I tre podi di Pechino l’hanno resa l’atleta azzurra più medagliata di sempre delle Olimpiadi, ma Arianna Fontana ha ancora qualche sassolino da togliersi sullo short track e sull’ambiente che lo circonda e lo fa in un’intervista al Corriere della Sera.
“Hanno detto che non sono una leader, che ho spaccato la Nazionale. Non sono mai stata una da grandi discorsi: faccio parlare i risultati. Essere sul ghiaccio da 16 anni è un modo di essere leader. Se non mi interessasse la squadra, oggi starei zitta. È dal 2010 che vivo male certe situazioni con gli allenatori. Mi stavano trasformando in una fondista: avevo quasi perso le mie doti di sprinter. In avvicinamento a Vancouver, ho imparato a gestirmi da sola”.
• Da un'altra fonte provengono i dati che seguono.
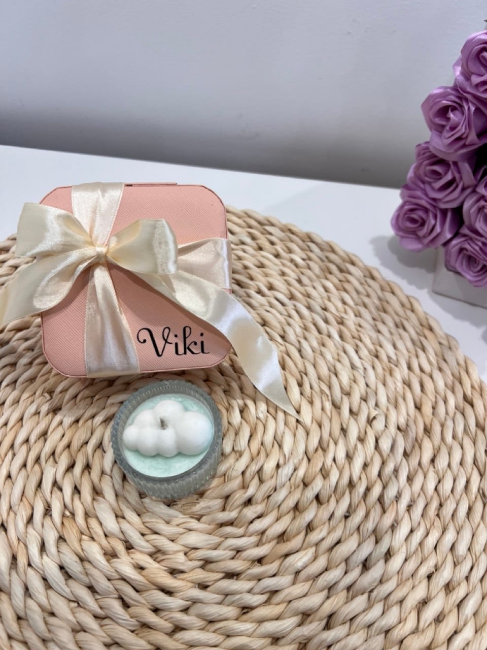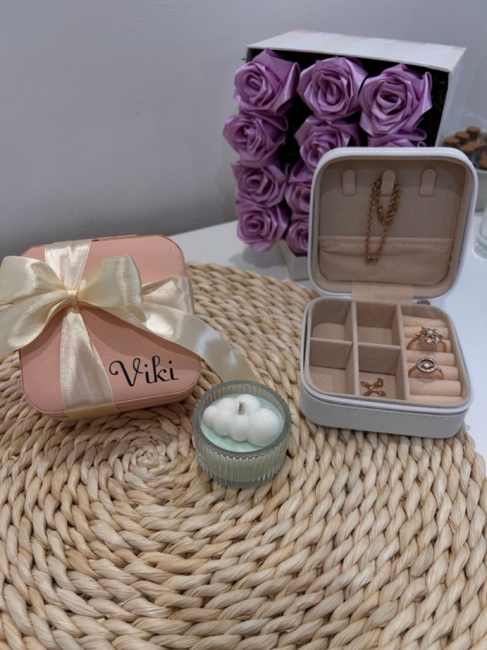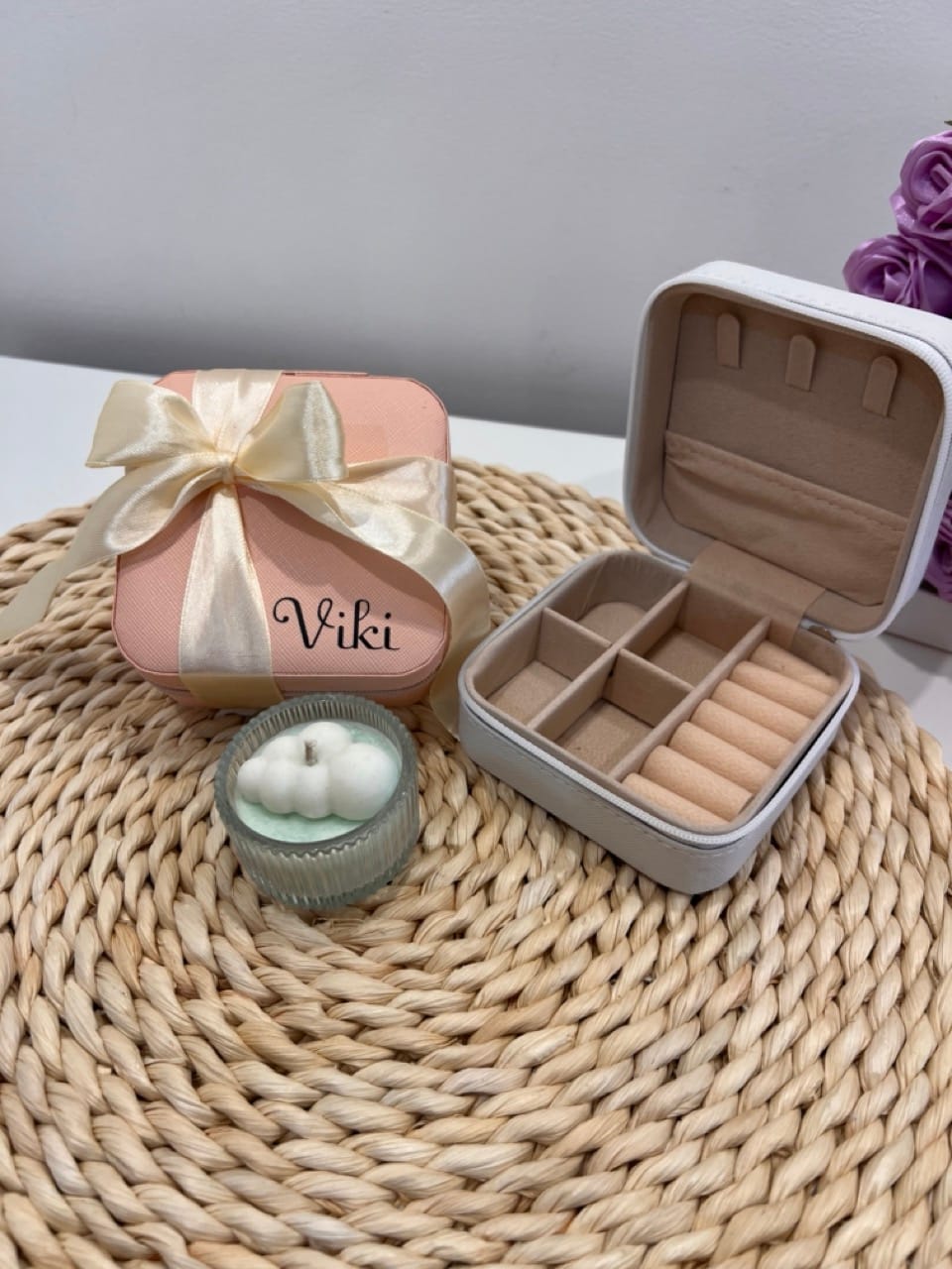 Az ár tartalmazza:Névre szóló ékszertartó masnival átkötveIllatos szójaviasz gyertya (kókusz illat)

La polemica dura da anni e non si è spenta nemmeno con le vittorie olimpiche, anzi. “A Baselga di Pinè il presidente Gios mi propone di riunirmi al gruppo. Tommaso Dotti e Andrea Cassinelli si mettono a fare tracce pericolose davanti a me, cambi di direzione, accelerano e decelerano. Roba pericolosa. Parlottano, è palese a tutti: vogliono farmi cadere. Diventano sempre più aggressivi, io mi tengo a distanza, finisco l’allenamento, me ne vado. Alla riunione tecnica del giorno dopo, ammettono: non ci sta bene che ti alleni con noi. Mi aspetto conseguenze, invece la Federazione butta il problema su mio marito: dà fastidio vederlo sul ghiaccio.
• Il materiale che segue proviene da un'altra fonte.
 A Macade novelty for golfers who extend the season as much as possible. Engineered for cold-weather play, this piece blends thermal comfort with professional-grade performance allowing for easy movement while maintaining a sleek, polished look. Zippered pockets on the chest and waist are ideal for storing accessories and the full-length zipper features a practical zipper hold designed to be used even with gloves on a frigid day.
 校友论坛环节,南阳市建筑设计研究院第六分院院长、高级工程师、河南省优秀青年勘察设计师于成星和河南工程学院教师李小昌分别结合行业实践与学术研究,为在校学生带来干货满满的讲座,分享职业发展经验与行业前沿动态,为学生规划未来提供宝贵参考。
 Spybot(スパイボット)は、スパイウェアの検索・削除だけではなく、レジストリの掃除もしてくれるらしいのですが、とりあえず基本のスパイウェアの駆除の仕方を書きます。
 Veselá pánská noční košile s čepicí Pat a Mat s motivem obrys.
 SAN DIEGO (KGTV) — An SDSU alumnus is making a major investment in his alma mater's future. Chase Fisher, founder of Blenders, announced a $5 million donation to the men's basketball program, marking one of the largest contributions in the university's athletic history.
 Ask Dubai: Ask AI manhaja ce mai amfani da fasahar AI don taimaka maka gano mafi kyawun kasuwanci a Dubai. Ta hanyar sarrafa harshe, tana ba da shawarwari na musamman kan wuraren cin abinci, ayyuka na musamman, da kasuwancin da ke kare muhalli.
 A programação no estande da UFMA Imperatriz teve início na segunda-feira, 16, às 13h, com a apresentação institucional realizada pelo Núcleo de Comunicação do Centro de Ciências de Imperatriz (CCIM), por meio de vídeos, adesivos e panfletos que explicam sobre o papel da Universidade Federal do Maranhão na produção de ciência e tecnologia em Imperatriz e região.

Arianna Fontana prosegue: “Cassinelli smette, ma Dotti continua con i suoi giochetti per tutta la stagione. Un ambiente tremendo. Ogni giorno mi sveglio con l’angoscia e il mal di stomaco, chiedendomi: oggi cosa succederà? Cosa faremo io e Anthony di sbagliato? E il giorno del contatto tra me e Dotti, naturalmente, arriva: vado dritta contro le balaustre a 50 all’ora, la caviglia si gonfia. A Salt Lake City, in Coppa del Mondo, per precauzione rinuncio alla staffetta. Gios mi manda a dire che o partecipo o faccio le valigie. Sempre lui, a Pechino, ha detto che i ragazzi sono gli sparring partner ideali per crescere, che dovrei ringraziarli. Quindi il contatto in piena velocità con un uomo che pesa venti chili più di me sarebbe utile? Ma di cosa stiamo parlando…?”
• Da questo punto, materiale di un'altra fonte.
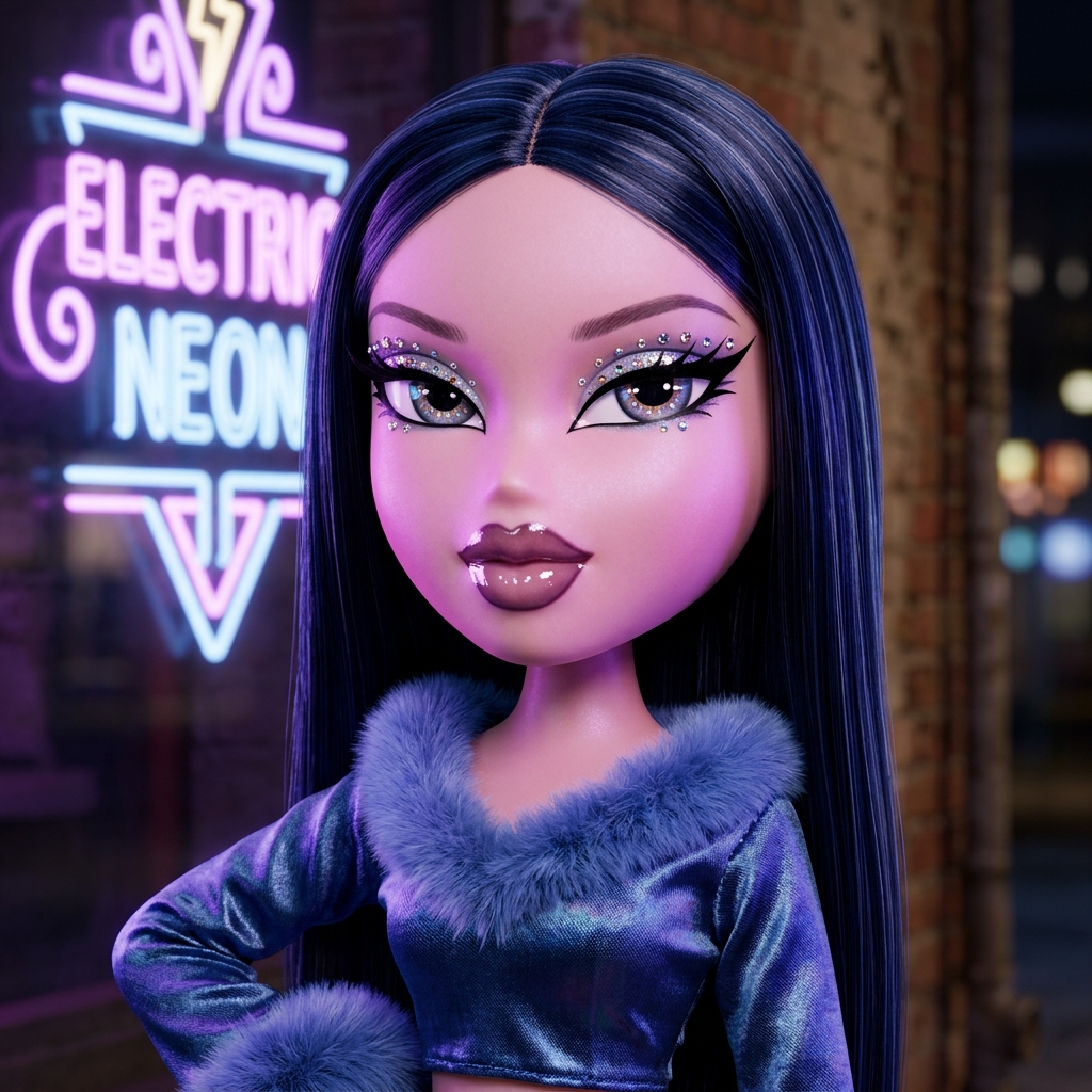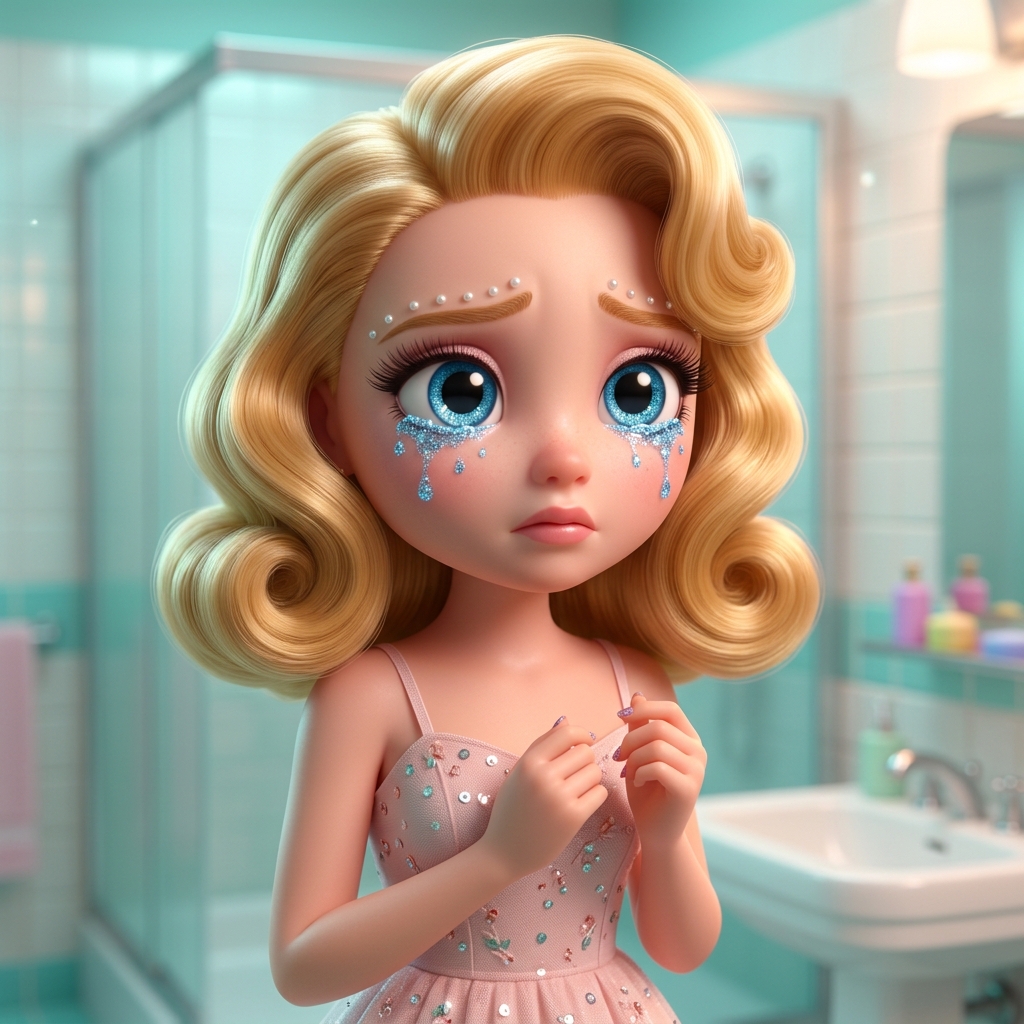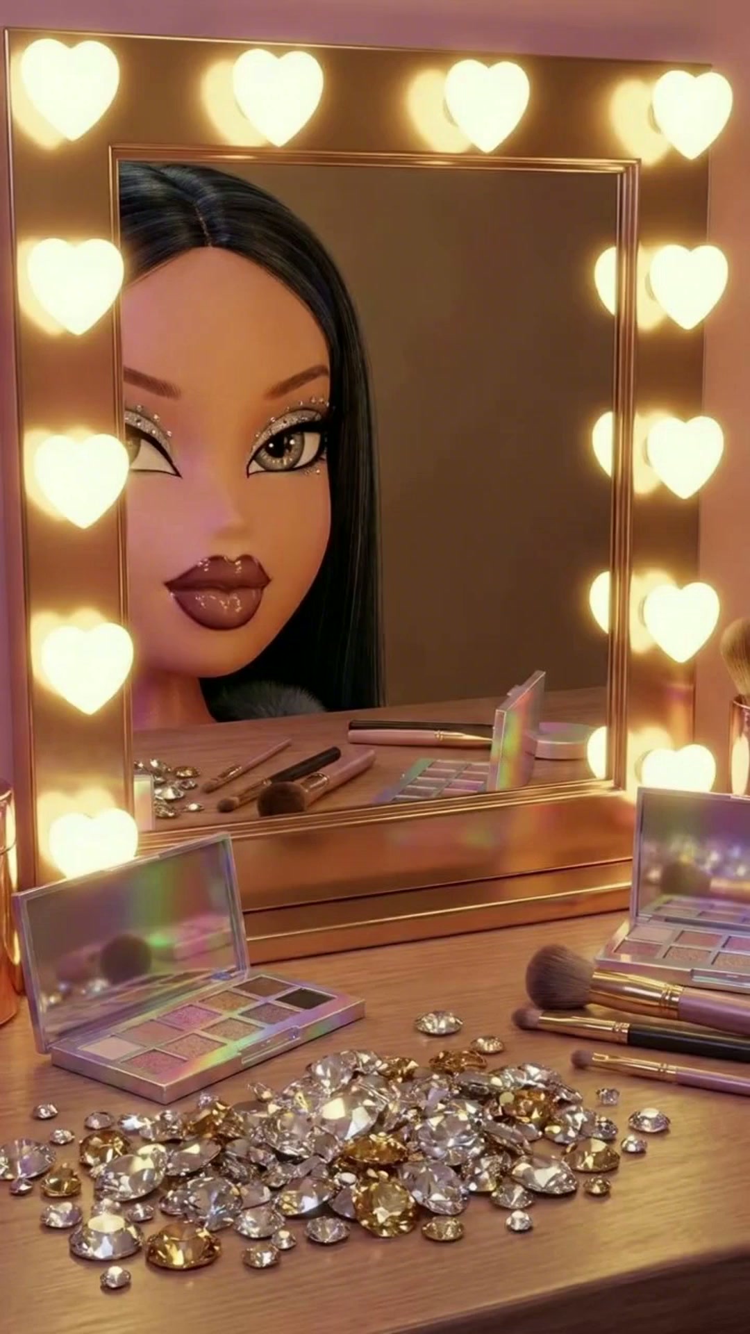 Джейд уверенно наносит блестящие тени на веко, глядя прямо в камеру через зеркало. Ее движения точные и грациозные. Камера плавно приближается к ее глазу, фокусируясь на переливах глиттера и длинных ресницах. Вокруг нее витает облако парфюма, видимое как легкое мерцающее марево в свете ламп. On-screen dialogue (characters speak with lip-sync): Джейд (voice: Низкий, уверенный женский голос с ме...

La posizione su Milano-Cortina 2026
La Fontana è un fiume in piena: “Il vero problema è che un atleta ha il diritto di allenarsi in un ambiente sereno, il nostro invece è tossico: nel linguaggio, nei pensieri, negli atteggiamenti da bulli di certi colleghi. Tutti hanno paura di esprimersi, ci sono giovani appena entrati in squadra che vogliono già smettere. È importante che l’atleta venga ascoltato, non usato come mezzo per arrivare alle medaglie. C’è un tema di cultura sportiva da cambiare: in Italia è un asilo, manca professionalità. Io a Milano-Cortina 2026 ci vorrei arrivare, chiudere ai Giochi italiani come ho iniziato sarebbe una favola ma altri quattro anni così non li faccio”.